Ceramics, Cuisine and Culture PDF Author: Michela Spataro
Publisher: Oxbow Books
ISBN: 1782979506
Category : History
Languages : en
Pages : 289

Book Description
The 23 papers presented here are the product of the interdisciplinary exchange of ideas and approaches to the study of kitchen pottery between archaeologists, material scientists, historians and ethnoarchaeologists. They aim to set a vital but long-neglected category of evidence in its wider social, political and economic contexts. Structured around main themes concerning technical aspects of pottery production; cooking as socioeconomic practice; and changing tastes, culinary identities and cross-cultural encounters, a range of social economic and technological models are discussed on the basis of insights gained from the study of kitchen pottery production, use and evolution. Much discussion and work in the last decade has focussed on technical and social aspects of coarse ware and in particular kitchen ware. The chapters in this volume contribute to this debate, moving kitchen pottery beyond the Binfordian ‘technomic’ category and embracing a wider view, linking processualism, ceramic-ecology, behavioral schools, and ethnoarchaeology to research on historical developments and cultural transformations covering a broad geographical area of the Mediterranean region and spanning a long chronological sequence.

Aristocrats and Statehood in Western Iberia, 300-600 C.E.

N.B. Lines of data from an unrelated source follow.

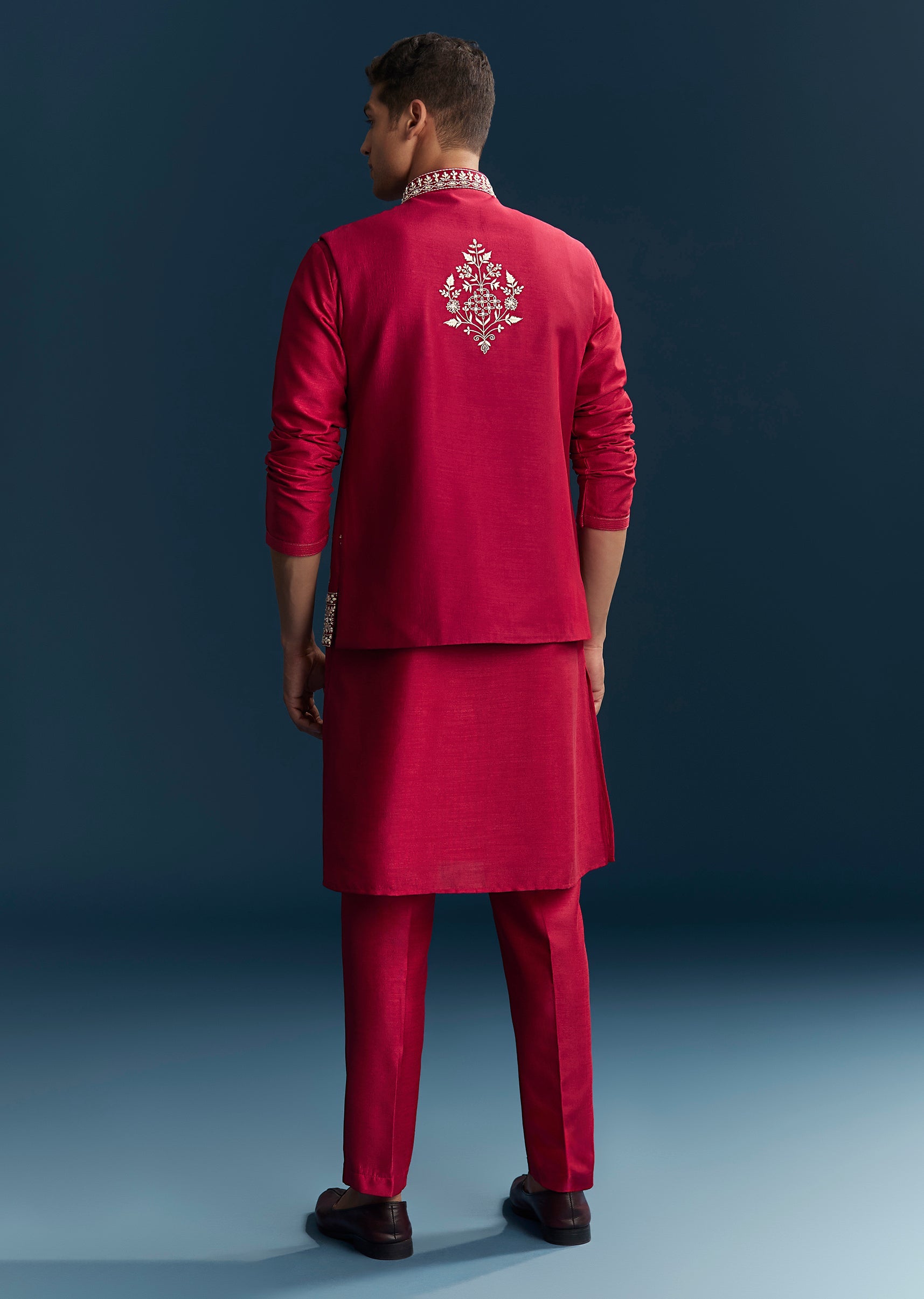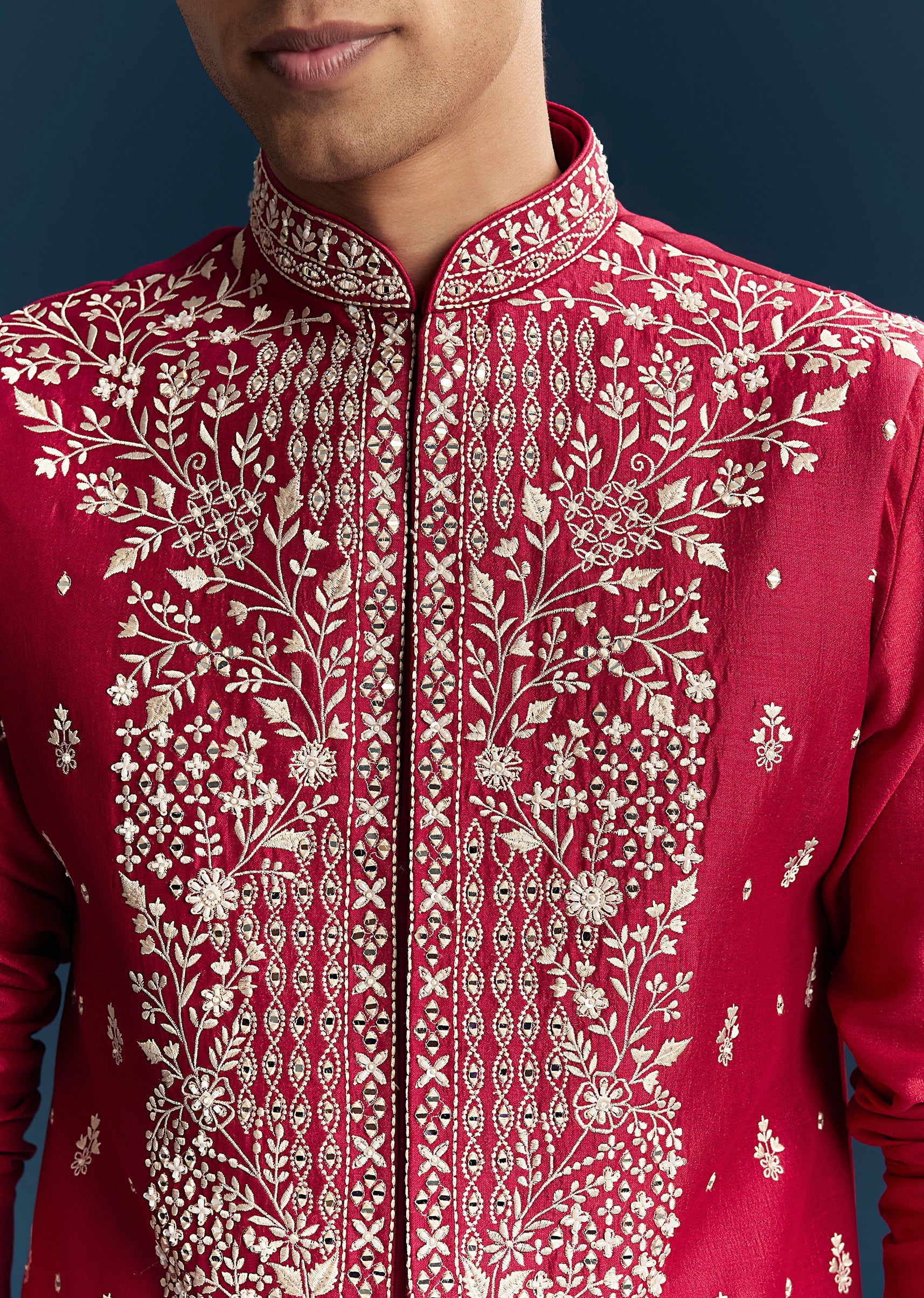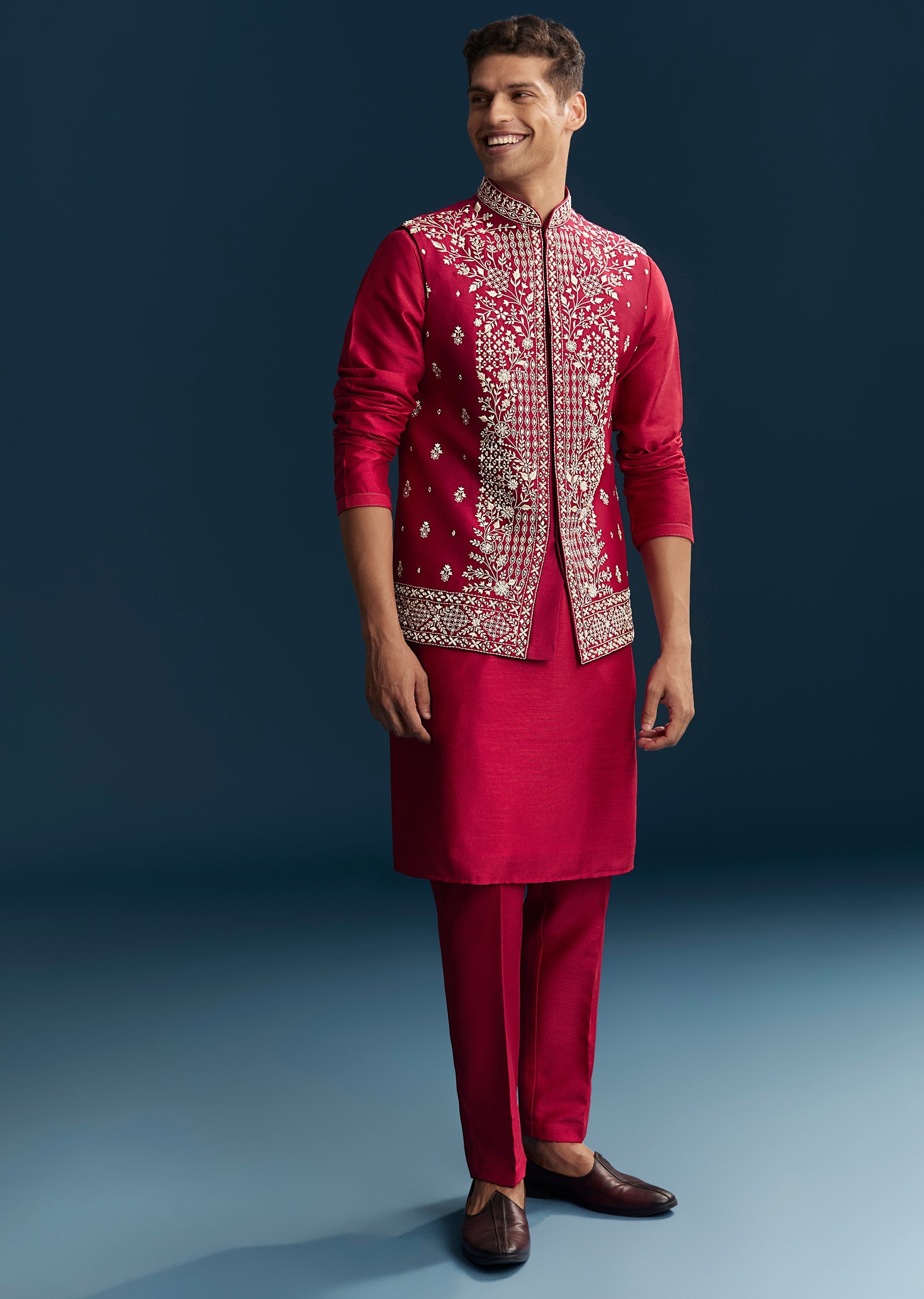 Bright and festive, this pink kurta jacket set is perfect for sangeet and mehendi celebrations. Crafted in smooth silk fabric, it features intricate thread work combined with mirror detailing that adds a sparkling and celebratory touch. The mandarin collar and full sleeves create a structured silhouette, making it suitable for a groomsman, the groom’s brother, or even the groom’s father. Designed to combine elegance with comfort, this ensemble ensures a polished and standout presence during wedding festivities. Awarded as the Most Trusted Brand, we're delivering styles you love, just as promised.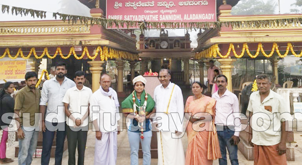 ಅಳದಂಗಡಿ ಶ್ರೀ ಸತ್ಯದೇವತಾ ದೈವಸ್ಥಾನಕ್ಕೆ ಕಬಡ್ಡಿಯಲ್ಲಿ ವಿಶ್ವಕಪ್ ಗೆದ್ದ ಧನಲಕ್ಷ್ಮೀ ಪೂಜಾರಿ ಡಿ.2ರಂದು ಭೇಟಿ ನೀಡಿದರು.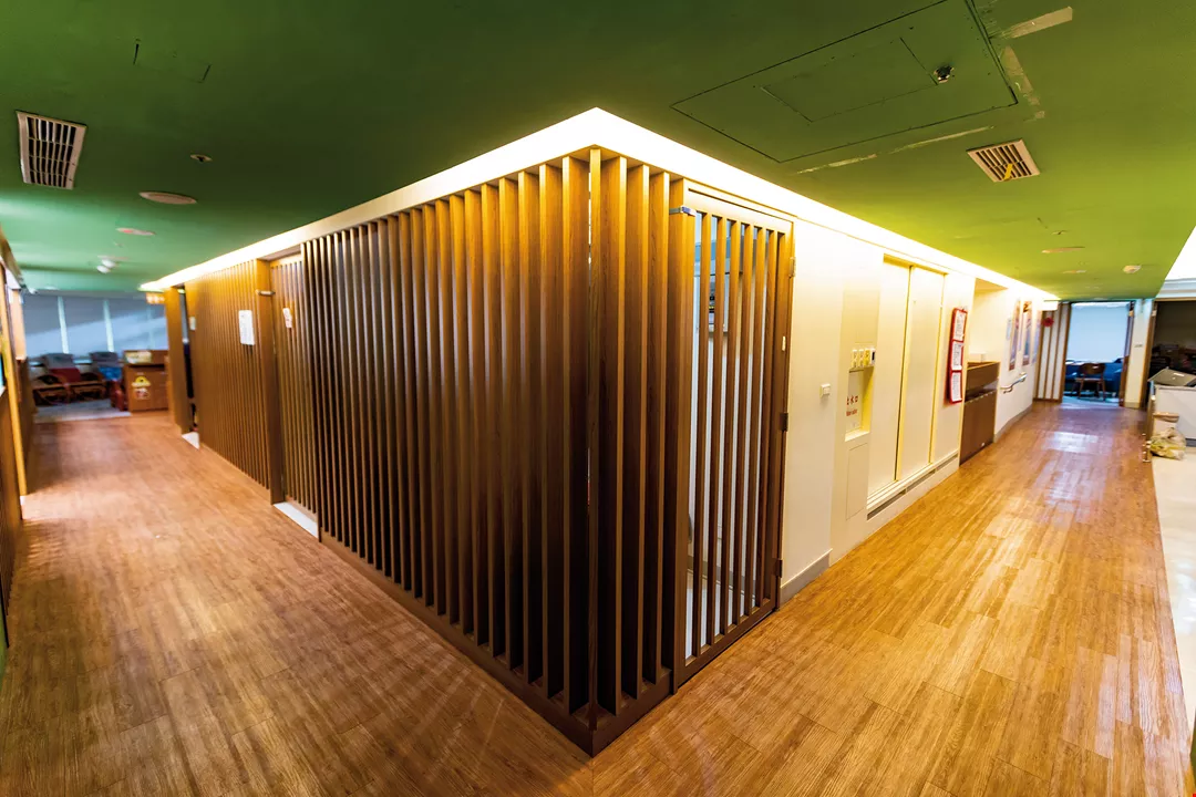 Seniors with dementia are also subject to fantasies and delusions, and sometimes try to flee, so daycare centers often hide the doors. Here, Lin reduced the number of runaways by using a kind of vertical lattice fencing common in the Beitou Hot Springs district to conceal the glass exterior doors.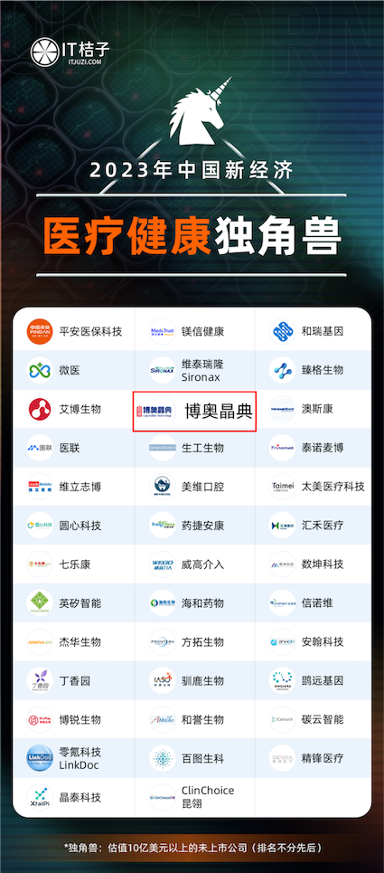 1月18日,新經(jīng)濟創(chuàng)投數(shù)據(jù)服務(wù)商 IT 桔子正式發(fā)布《2023年中國新經(jīng)濟獨角獸企業(yè)》系列重磅榜單。博奧晶典憑借在醫(yī)療健康領(lǐng)域的持續(xù)深耕及領(lǐng)先行業(yè)的卓越創(chuàng)新能力,榮登2023年中國新經(jīng)濟榜單,再獲行業(yè)權(quán)威認(rèn)可。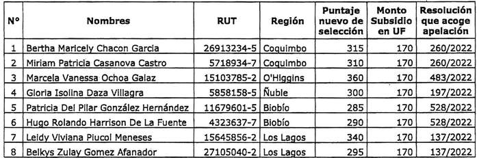2. Apruébase la siguiente nómina complementaria de postulantes seleccionados al llamado nacional dispuesto en el número 1 de la resolución exenta N° 659, de este Ministerio, de 2021, del Programa de Subsidio de Arriendo de Vivienda regulado por el DS N° 52 (V. y U.), de 2013, y en particular según lo establecido en sus artículos 29 y 30, los que se individualizan a continuación: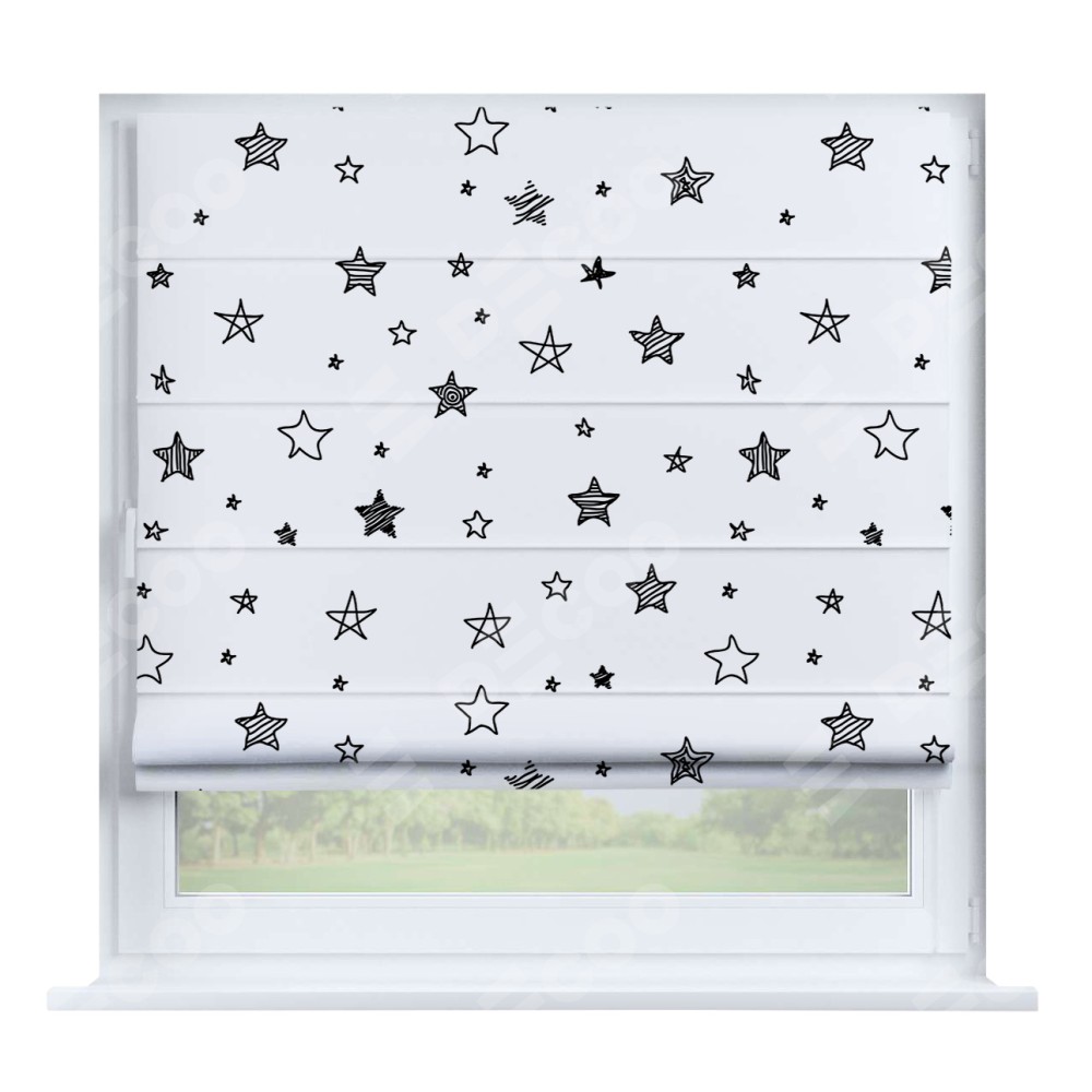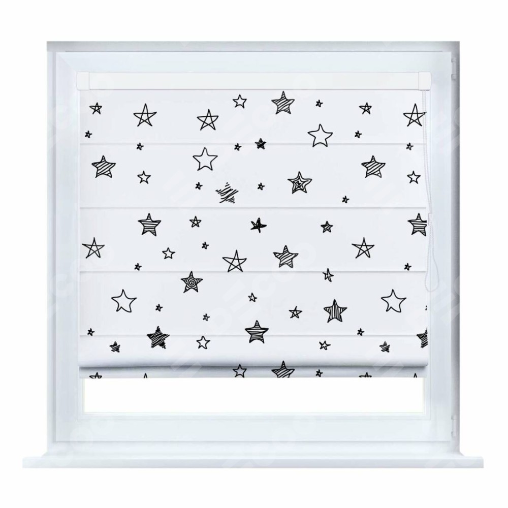 Римская штора производителя «Cortin», устанавливается на створку окна, пошита из ткани блэкаут с нанесением сублимационной печати «Звёзды». Штора шьётся по индивидуальным размерам, для данного типа римской шторы возможная ширина от 35 до 150 см., высота до 250 см.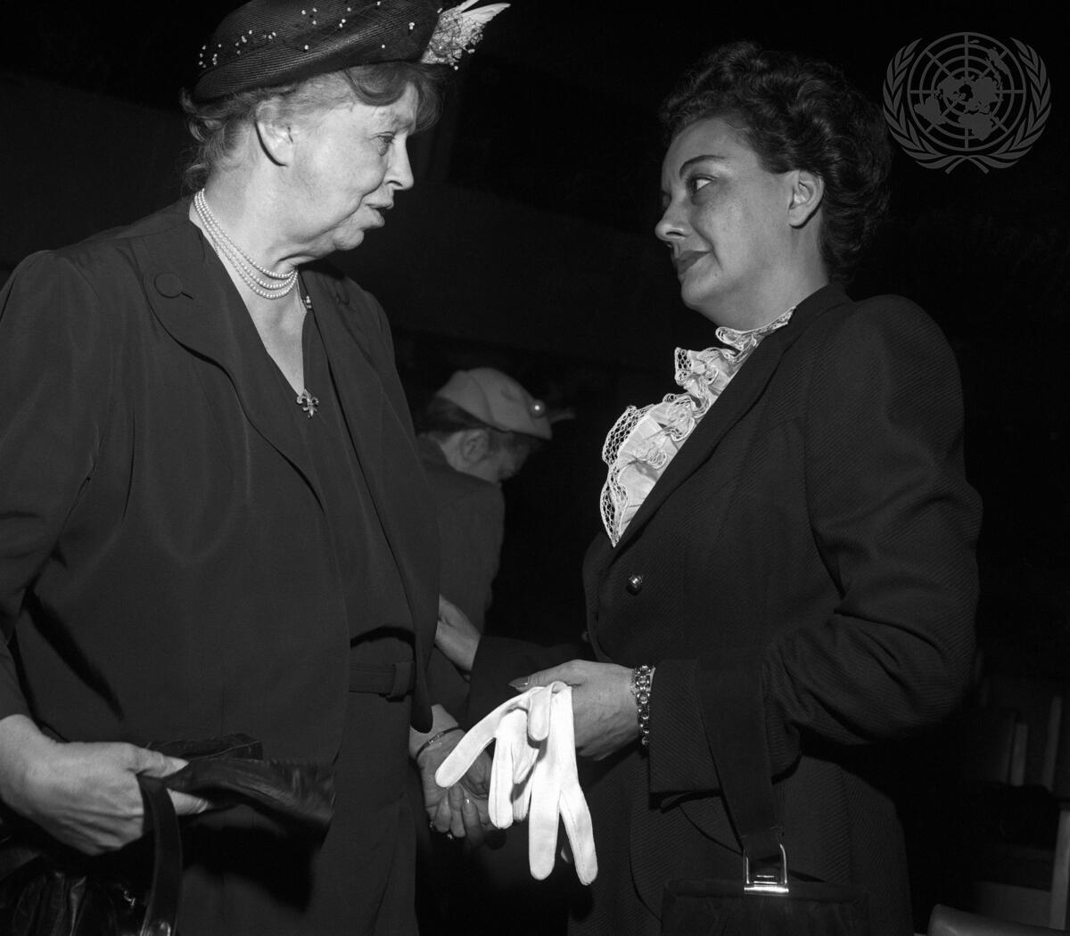 Mrs. Eleanor Roosevelt, United States Representative, left, is seen before a plenary meeting of the Assembly with Senorita Ana Figueroa, Representative of Chile. At the meeting, Mrs. Roosevelt spoke regarding the refusal of the Russian Government to allow Russian wives of foreign diplomats to leave the USSR with their husbands.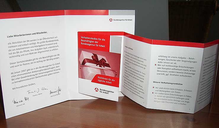 Die hier beschriebene Szene ist natürlich erfunden. Doch sie könnte bald vom Reich der Fantasie und die graue Welt der Realität wechseln. Allen Mitarbeitern der Bundesagentur für Arbeit (BA) ist – und das ist eine Tatsache, eine kleine Broschüre ausgegeben worden, Verhaltenskodex für die Beschäftigten der Bundesagentur für Arbeit nennt sich das Teil. Und wie das in einer zentralistisch ausgerichteten Behörde der Fall ist, gibt es als Geschenk einleitende Worte der Oberen, in denen man den Unteren schon mal mitteilt, das sie alle in der Öffentlichkeit aufmerksam und kritisch verfolgt werden.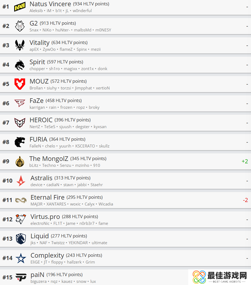 一起看看最新一期的HLTV世界排名吧。今天HLTV发布了最新一期世界排名,鉴于上海Major 开幕战阶段仍在进行当中,因此预计这份排名在下周还会迎来巨变。1-10名中唯一的变动出现在The Mongo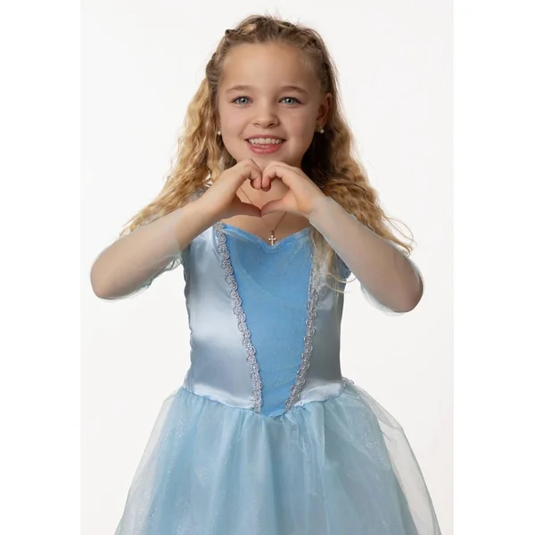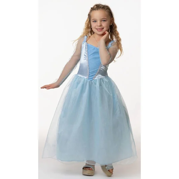 Déguisement de princesse Adèle. Contient 1 robe bleue : col blanc, top avec brocard argenté, dos froncé et manches en tulle, jupe en satin, tulle et organza pailleté. Le modèle est destiné aux enfants de 5-7 ans. Stature : 120 cm. Tour de poitrine : 62 cm. Tour de taille : 55 cm. Matière : 100 % polyester, lavable en machine à 30° en cycle délicat. Chaussures non fournies.

Aristocrats and Statehood in Western Iberia, 300-600 C.E. PDF Author: Damián Fernández
Publisher: University of Pennsylvania Press
ISBN: 0812294351
Category : History
Languages : en
Pages : 325

Book Description
In a distant corner of the late antique world, along the Atlantic river valleys of western Iberia, local elite populations lived through the ebb and flow of empire and kingdoms as historical agents with their own social strategies. Contrary to earlier historiographical accounts, these aristocrats were not oppressed by a centralized Roman empire or its successor kingdoms; nor was there an inherent conflict between central states and local elites. Instead, Damián Fernández argues, there was an interdependency of state and local aristocracies. The upper classes embraced state projects to assert their ascendancy within their communities. By doing so, they enacted statehood at the local level, bringing state presence to the remotest corners of Iberia, both under Roman rule and during the later Suevic and Visigothic kingdoms. Aristocrats and Statehood in Western Iberia, 300-600 C.E. combines archaeological and literary sources to reconstruct the history of late antique Iberian aristocracies, facilitating the study of a social class that has proved elusive when approached through the lens of a single type of evidence. This is the first study of Iberian elites that covers both the late Roman and the post-Roman periods in similar depth, and the chronological approach allows for a new perspective on social agency of late antique nobility. While the end of the Roman empire changed the political, economic, and social strategies of local aristocrats, the book also demonstrates a considerable degree of continuity that lasted until the late sixth century.